[Aim of the exercise]
Print the records below exactly, and do not carry over any picture.

[Records for this exercise]
──────
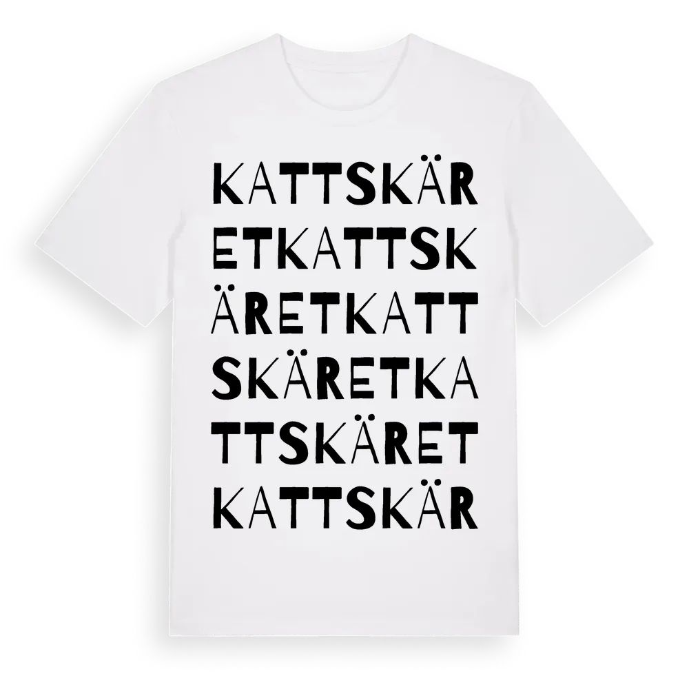 Kattskäret ordlek t-shirt är inspirerad av Kattskäret i Västernorrlands län, Sverige. Tröjan är designad för dig som har en speciell koppling till platsen – oavsett om du bor här, har rötterna här eller bara älskar Kattskäret.
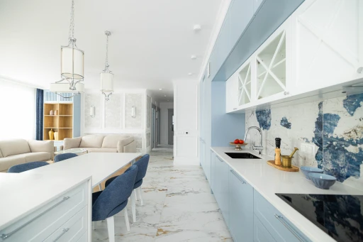Obyło się bez rewolucji w układzie funkcjonalnym. Drobny lifting przeszła jedynie część salonowa – architektka delikatnie przesunęła jedną ze ścian, żeby bardziej otworzyć przestrzeń, uczynić ją przestronną i jasną. Ponieważ właścicielki lubią od czasu do czasu coś upichcić, podjąć kolacją rodzinę czy znajomych, Marta zaproponowała całkiem sporą, otwartą na salon kuchnię. Zabudowa meblowa zajęła całą jedną ścianę – proste fronty szafek zostały ozdobione delikatnymi frezowaniami, a sznytu dodał pastelowy błękit – ulubiony kolor sióstr. Nad blatem roboczym zawisły mniejsze białe witrynki, z ozdobnymi szprosami. Takie same jak w przeszklonych frontach, które wykańczają od strony salonu niewielki półwysep. Jego przedłużeniem jest dostawiony stół z tapicerowanymi szmaragdową tkaniną fotelikami – kiedy zajdzie potrzeba można go rozłożyć tworząc jadalnię nawet dla kilkunastu osób.
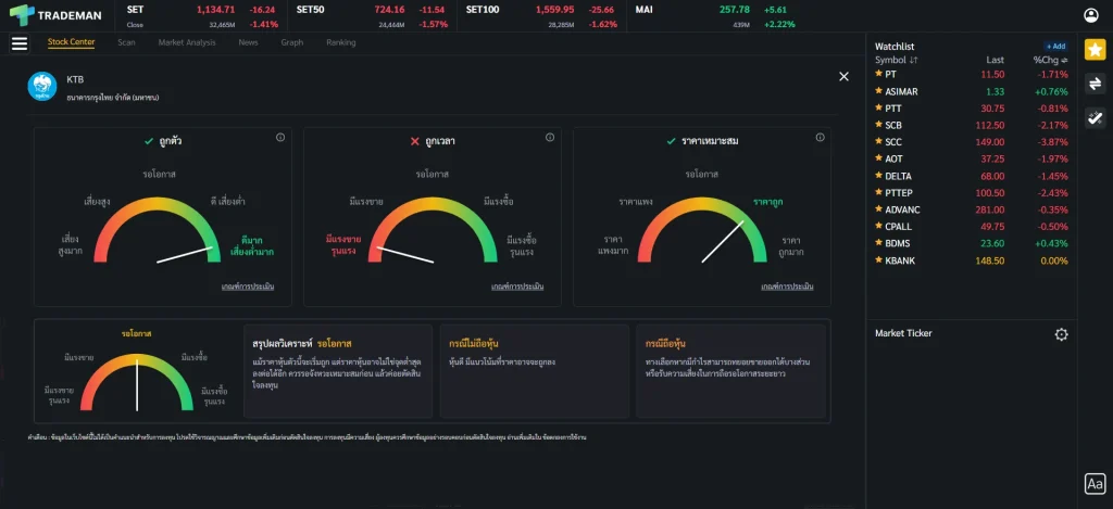 ⚠️ ข้อสังเกต การใช้หน้า Stock Center บน Trademan ทำให้การติดตามหุ้นและวิเคราะห์หุ้นจบในหน้าเดียว ไม่ว่าจะเป็นข้อมูลหุ้น กราฟเทคนิค ข้อมูลธุรกิจ ข่าว ถ้าใช้โปรแกรมอื่นก็ต้องเปิดฟังก์ชันเพิ่มเต็มไปหมด เสียเวลาในการวิเคราะห์มากขึ้นเป็นแน่ มาพร้อมกับฟังก์ชัน Stock Analysis ที่จะช่วยวิเคราะห์หุ้นและแนะนำจุดซื้อถือขาย ประหยัดเวลาเพื่อเรื่องที่สำคัญกว่า
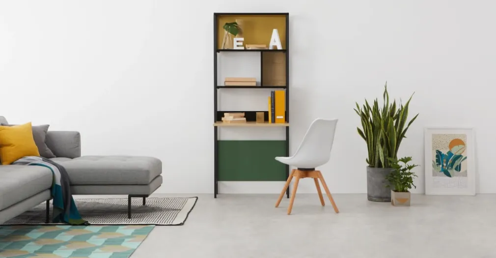 Todo en un solo mueble, estantes y escritorio la función que resume una filosofía decorativa sencilla pero de variedad en funciones. Si lo que quieres es concentrarte en colores mágicos para este nuevo ambiente, este escritorio reluce por su juego con la gama de tonalidades en combinación con tu diseño personal.
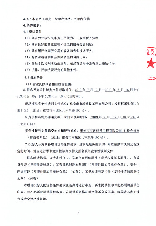 城利水電站屋面防水材料采購安裝工程競爭性談判公告
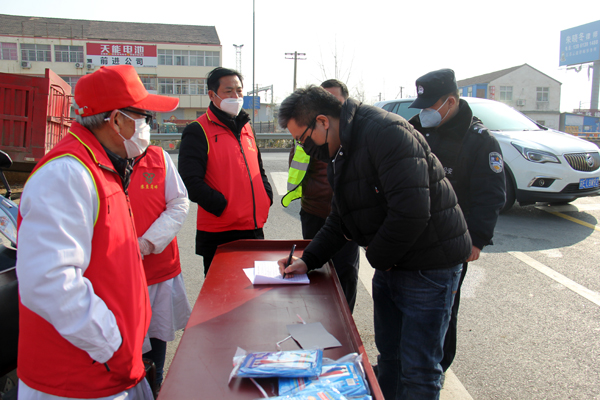 下午2时,8名医务专业人才志愿者,身穿医务工作服,头戴志愿帽,手提医药箱,在专业人才志愿服务队队旗的引导下,分两组进行卡口防控,主要任务是对进入卡口点的车辆人员进行停车询问、测量体温、下车登记,对个别司机口罩戴得不规范的进行了指导,对未戴口罩的进行宣传教育并发给医用口罩,对外地车辆及人员禁止入内。经过2个多小时的志愿服务,两处卡口点共登记173辆场内车辆,197人。经测量,正常体温197人。拒绝外地车辆入内9辆.
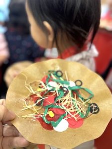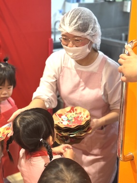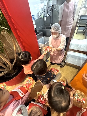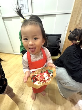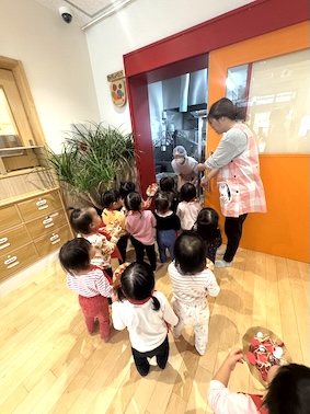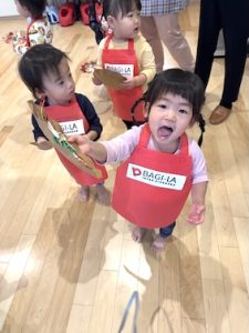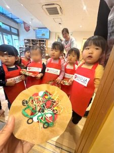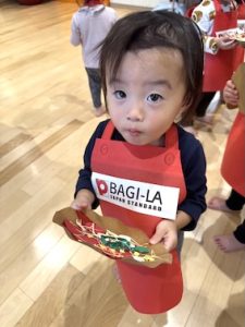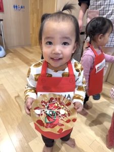 1歳児「ばぎー組」が、お部屋でピザの製作を行っているのは知っていましたが、またさかデリバリーしてくれるなんて〜❤️ありがと〜と受け取りました。
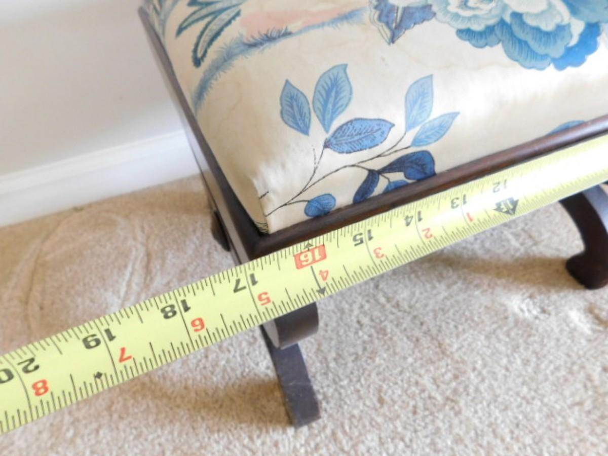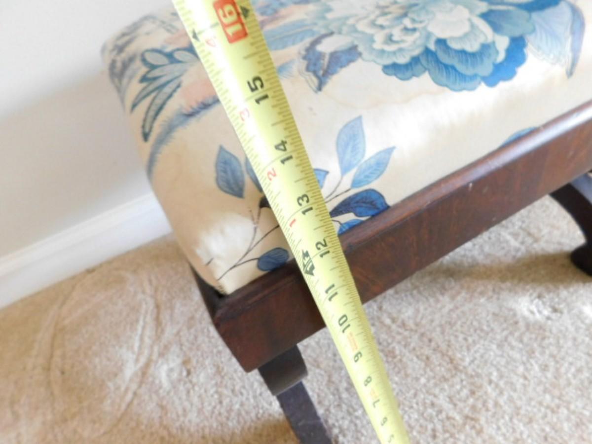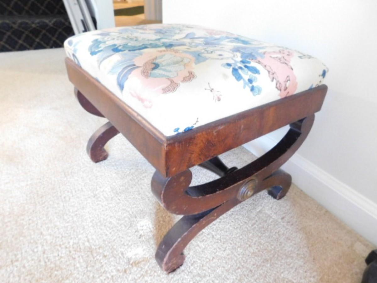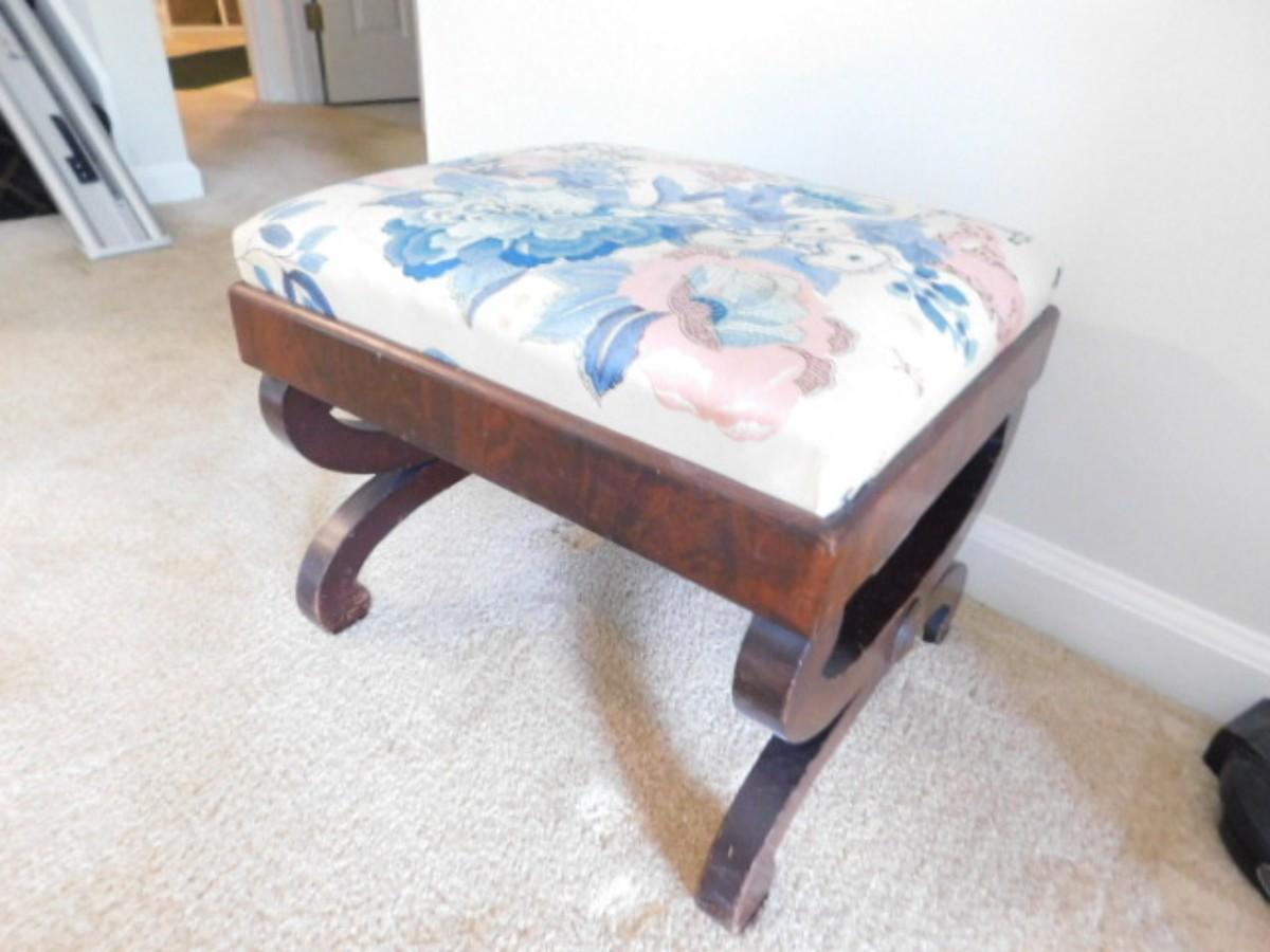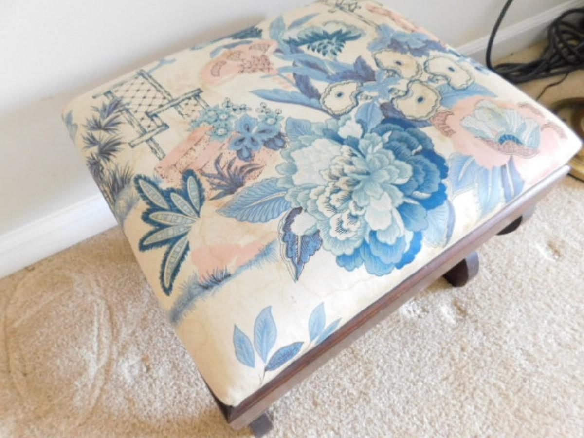 Wood Framed Foot Stool with Cushioned Top upholstery has some staining.
──────
[Solved exercise]
 Kattskäret ordlek t-shirt är inspirerad av Kattskäret i Västernorrlands län, Sverige. Tröjan är designad för dig som har en speciell koppling till platsen – oavsett om du bor här, har rötterna här eller bara älskar Kattskäret.
Obyło się bez rewolucji w układzie funkcjonalnym. Drobny lifting przeszła jedynie część salonowa – architektka delikatnie przesunęła jedną ze ścian, żeby bardziej otworzyć przestrzeń, uczynić ją przestronną i jasną. Ponieważ właścicielki lubią od czasu do czasu coś upichcić, podjąć kolacją rodzinę czy znajomych, Marta zaproponowała całkiem sporą, otwartą na salon kuchnię. Zabudowa meblowa zajęła całą jedną ścianę – proste fronty szafek zostały ozdobione delikatnymi frezowaniami, a sznytu dodał pastelowy błękit – ulubiony kolor sióstr. Nad blatem roboczym zawisły mniejsze białe witrynki, z ozdobnymi szprosami. Takie same jak w przeszklonych frontach, które wykańczają od strony salonu niewielki półwysep. Jego przedłużeniem jest dostawiony stół z tapicerowanymi szmaragdową tkaniną fotelikami – kiedy zajdzie potrzeba można go rozłożyć tworząc jadalnię nawet dla kilkunastu osób.
 ⚠️ ข้อสังเกต การใช้หน้า Stock Center บน Trademan ทำให้การติดตามหุ้นและวิเคราะห์หุ้นจบในหน้าเดียว ไม่ว่าจะเป็นข้อมูลหุ้น กราฟเทคนิค ข้อมูลธุรกิจ ข่าว ถ้าใช้โปรแกรมอื่นก็ต้องเปิดฟังก์ชันเพิ่มเต็มไปหมด เสียเวลาในการวิเคราะห์มากขึ้นเป็นแน่ มาพร้อมกับฟังก์ชัน Stock Analysis ที่จะช่วยวิเคราะห์หุ้นและแนะนำจุดซื้อถือขาย ประหยัดเวลาเพื่อเรื่องที่สำคัญกว่า
 Todo en un solo mueble, estantes y escritorio la función que resume una filosofía decorativa sencilla pero de variedad en funciones. Si lo que quieres es concentrarte en colores mágicos para este nuevo ambiente, este escritorio reluce por su juego con la gama de tonalidades en combinación con tu diseño personal.
 城利水電站屋面防水材料采購安裝工程競爭性談判公告
 下午2时,8名医务专业人才志愿者,身穿医务工作服,头戴志愿帽,手提医药箱,在专业人才志愿服务队队旗的引导下,分两组进行卡口防控,主要任务是对进入卡口点的车辆人员进行停车询问、测量体温、下车登记,对个别司机口罩戴得不规范的进行了指导,对未戴口罩的进行宣传教育并发给医用口罩,对外地车辆及人员禁止入内。经过2个多小时的志愿服务,两处卡口点共登记173辆场内车辆,197人。经测量,正常体温197人。拒绝外地车辆入内9辆.
 1歳児「ばぎー組」が、お部屋でピザの製作を行っているのは知っていましたが、またさかデリバリーしてくれるなんて〜❤️ありがと〜と受け取りました。
 Wood Framed Foot Stool with Cushioned Top upholstery has some staining.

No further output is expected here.